Highly enhanced proton conductivity of single-step-functionalized graphene oxide/nafion electrolyte membrane towards improved hydrogen fuel cell performance

Abstract

Acidic group functionalized graphene oxide (GO) as a filler to the state-of-art Nafion electrolytes are regarded as potential materials towards next-generation fuel cell application. However, the tedious synthesis process for GO functionalization, and aggravated chemical durability at high temperatures demands the scientific community to design suitable Nafion-based functionalized GO electrolytes with superior proton conductivity and power density at actual fuel cell conditions i.e., 80 °C and 100% relative humidity (RH). Herein, a potential single-step-phosphorylated graphene oxide (sPGO) modified Nafion (sPGO/NF) is introduced to simultaneously multifold the proton conductivity, chemical durability, and power density of Nafion.
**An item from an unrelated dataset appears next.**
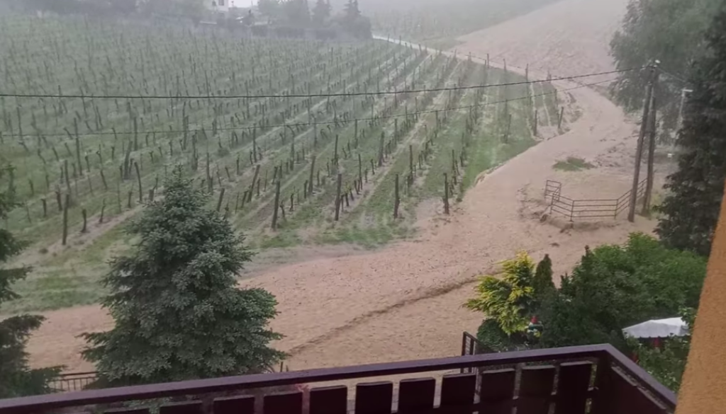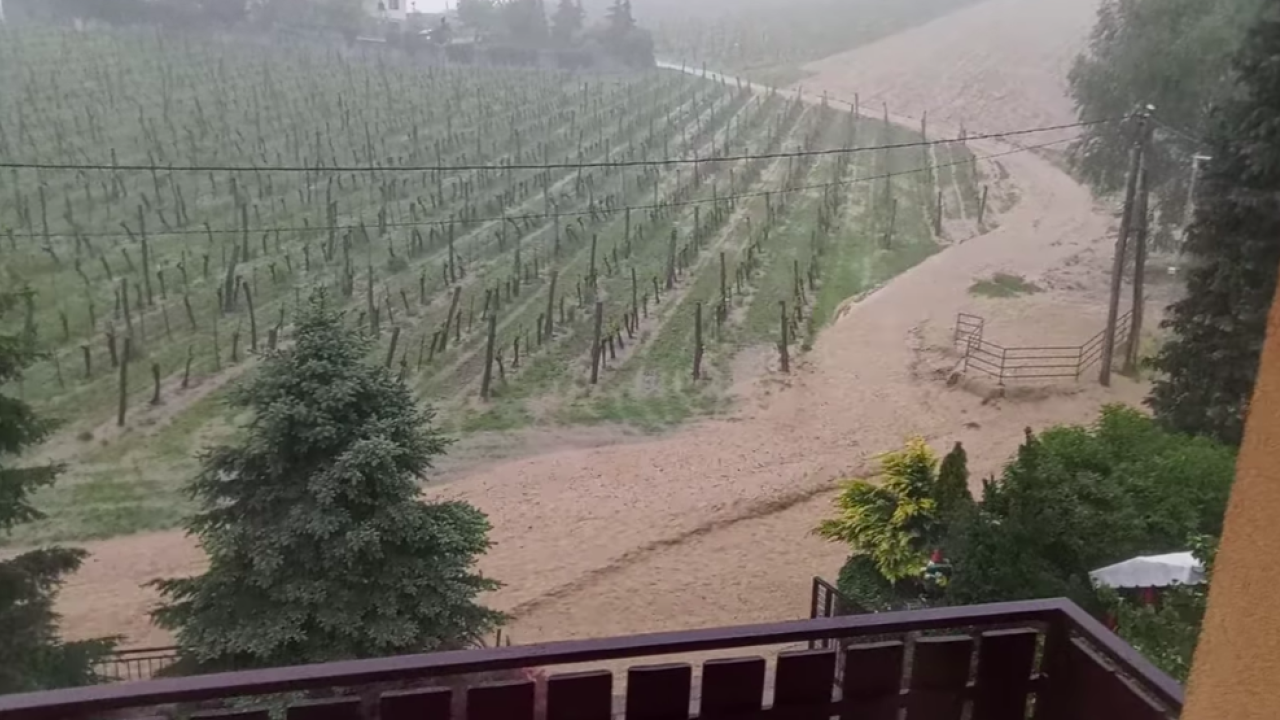 Nevihte z močnimi nalivi so sinoči znova prizadele Slovenijo. Toča je marsikje poškodovala vinograde in uničila pridelek.
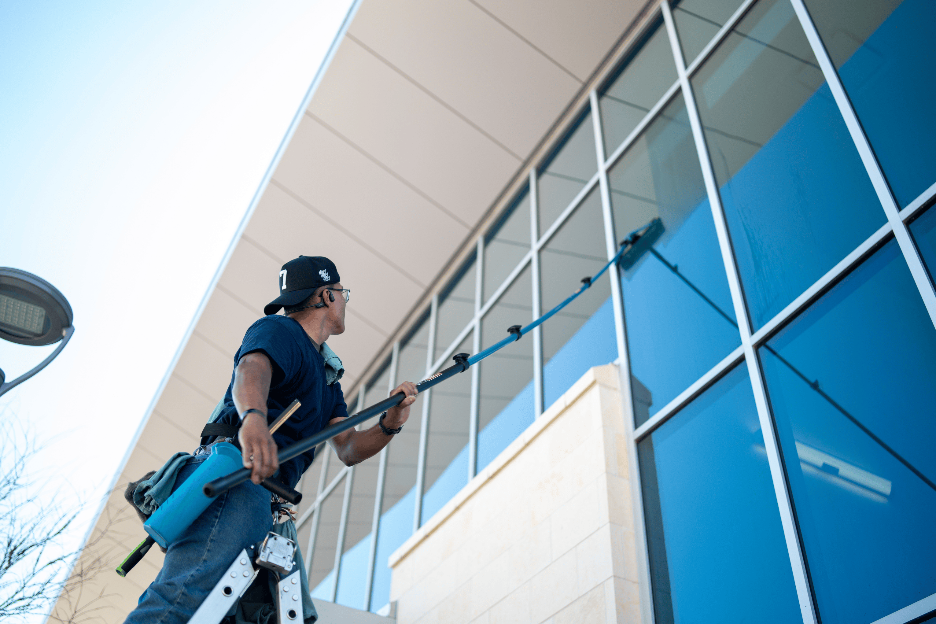 Professional commercial window cleaning services for banks, retail centers, and office buildings across D/FW. Streak-free results delivered safely and on schedule.

Under actual fuel cell conditions, the sPGO/NF exhibits maximum proton conductivity (0.306 Scm−1) which is 1.7-fold and 1.6-fold higher than that of rNF and GO/NF, respectively. Moreover, sPGO/NF achieves the maximum power density of 0.652 Wcm−2 (80 °C, 100% RH), much higher than the rNF (0.51 Wcm−2) and GO/NF (0.53 Wcm−2) at same condition.